LastButNotLeast said:


> So keep using v.4?!
> onder:


Yea, I'm hoping to avoid going back to REW v4. I got good results with it, but I had to do a lot of manual work to get it as close as I wanted it. I think partially because it does not add gain filters but REW 5 does.

So anyway I am anticipating that REW 5 can do a better job than REW 4 so I don't want to give up on it. I am waiting to hear what John has to say and then follow his plan of attack for getting to the bottom of this. If it does turn out that v4 is much better at setting filters for my situation I want to help John figure out why so he can resolve the issues in v5.


----------



## JohnM (Apr 11, 2006)

Please make a measurement with your preset 9 filters in use to see what that response looks like. Bear in mind that the RTA comes a distant second to making a measurement, don't use the RTA to judge results.

REW is making little change to the response because it is pretty smooth to start with, there is little for it to do. Your "after" response, however, is not a good match to the Predicted response which suggests that not all of the signal being measured has passed through the BFD and the sub. What speakers are running when you make your measurement, sub only or sub + mains or sub + 1 main? Sub only is required for the filters to be meaningful but you mention using the main speakers test signal to check levels?

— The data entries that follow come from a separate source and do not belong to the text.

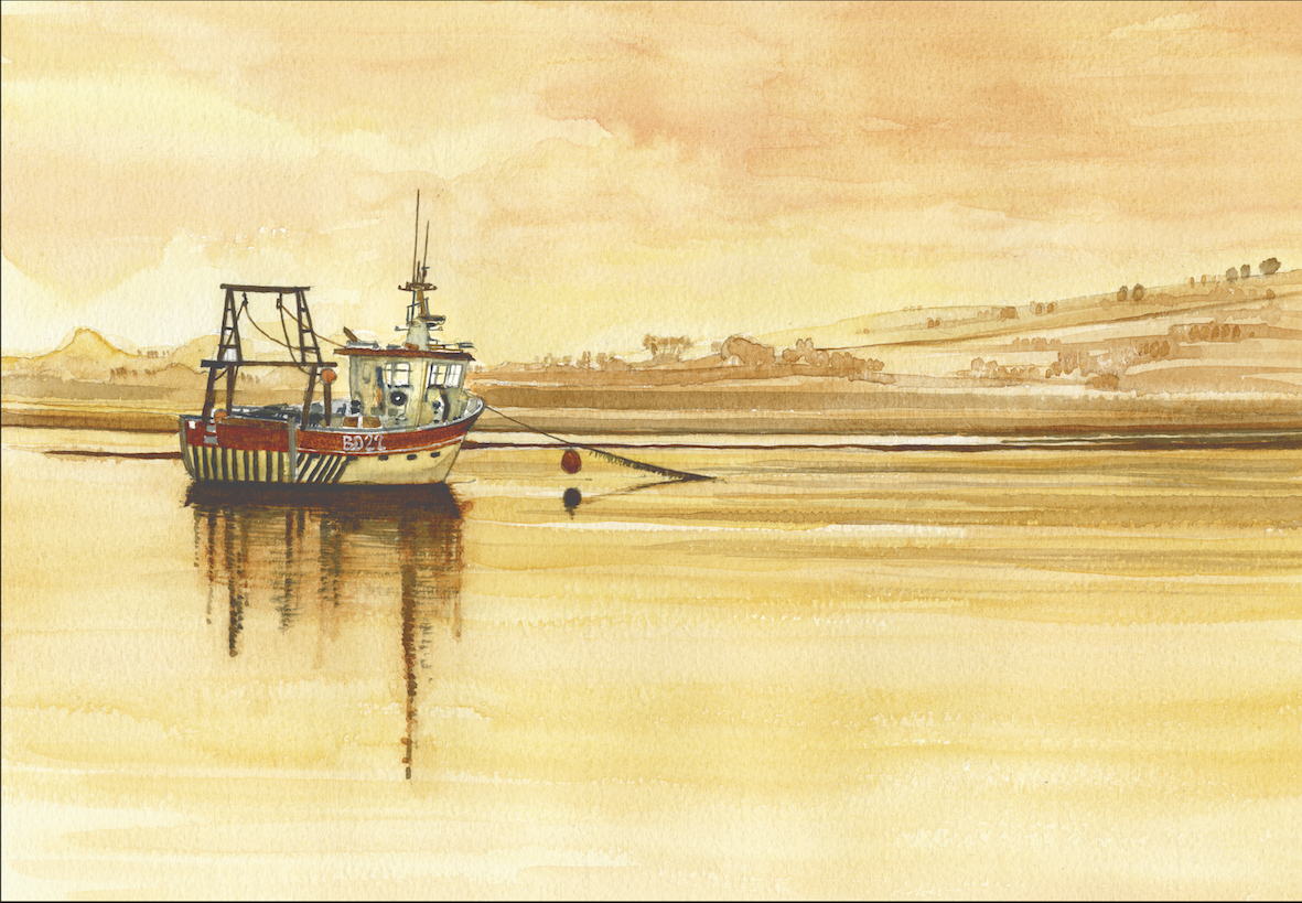 Mounted Watercolour signed limited edition print of Serene Skye Fishing boat at dawn on the Torridge Estuary based on a photograph reference by local photographer Terry Matthews of Appledore.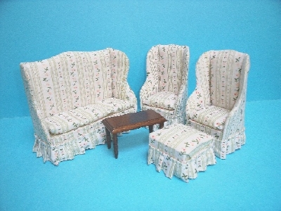 A DOLLS HOUSE 5 PCE LIVING ROOM SET IN WHITE WITH GREEN / PINK FLORAL DESIGN, – COMPRISES – SOFA, TWO CHAIRS, OTTERMAN & COFFEE TABLE.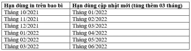 Ngày 22-10, Cục Quản lý Dược - Bộ Y tế ban hành Công văn đồng ý tăng hạn dùng của vaccine Comirnaty ở điều kiện bảo quản từ -90 độ C đến -60 độ C. Theo đó, cập nhật hạn dùng của các lô vaccine có hạn dùng trên nhãn 6 tháng như sau: hạn sử dụng in trên bao bì là tháng 10-2021, tháng 11-2021, tháng 12-2021, tháng 1-2022, tháng 2-2022, tháng 3-2022 thì hạn dùng cập nhật mới (tăng thêm 3 tháng) lần lượt là: tháng 1-2022, tháng 2-2022, tháng 3-2022, tháng 4-2022, tháng 5-2022, tháng 6-2022.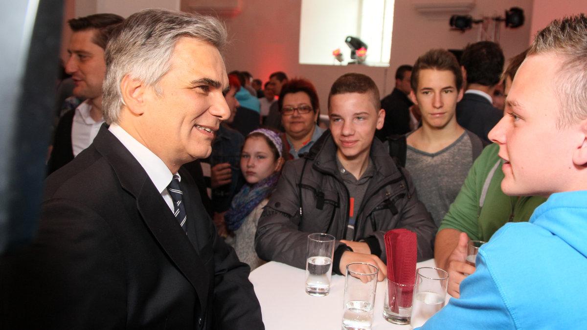 Es gibt Brötchen, Schaumrollen, Kaffee und Fruchtsäfte. Die Ovalhalle im Wiener Museumsquartier, dem beliebtesten Jugend-Hangout der Stadt, ist prall voll. Jugendliche aus ganz Österreich sind angereist, um auf Einladung der SPÖ am Samstagvormittag mit dem Kanzler zu frühstücken. Werner Faymann beschränkt sich in seiner Eingangsrede auf wenige Botschaften.

What are the Target Settings in the EQ window? Do you have a house curve loaded?


----------



## lovingdvd (Jan 23, 2007)

JohnM said:


> Please make a measurement with your preset 9 filters in use to see what that response looks like. Bear in mind that the RTA comes a distant second to making a measurement, don't use the RTA to judge results.


OK, good to know. Although I can say for sure that when playing the Pink PN noise while the RTA is going that the base sounds much smoother on the channel 9 with the good input. When I switch the BFD to channel 1 with the new filtered results or with no filters the base turns muddy in comparison.



> REW is making little change to the response because it is pretty smooth to start with, there is little for it to do. Your "after" response, however, is not a good match to the Predicted response which suggests that not all of the signal being measured has passed through the BFD and the sub. What speakers are running when you make your measurement, sub only or sub + mains or sub + 1 main? Sub only is required for the filters to be meaningful but you mention using the main speakers test signal to check levels?


Allow me to clarify, as it sounds like I am doing this part wrong...

On the Preferences for Soundcard I have selected "Use Main Speaker to Check/Set Levels". Then I run Check Levels and set the volume on the AVR so that the Radio Shack SPL reads 75db when it checks the sound.

It sounds like I should be using "Use subwoofer to Check/Set Levels" instead? I do recall briefly choosing that and checking the levels and the Radio Shack meter was pinned on the 70db setting (so this level did not match with the 75db level on the AVR). However I did not keep the setting this way and I didn't use it this way, which it sounds like I should?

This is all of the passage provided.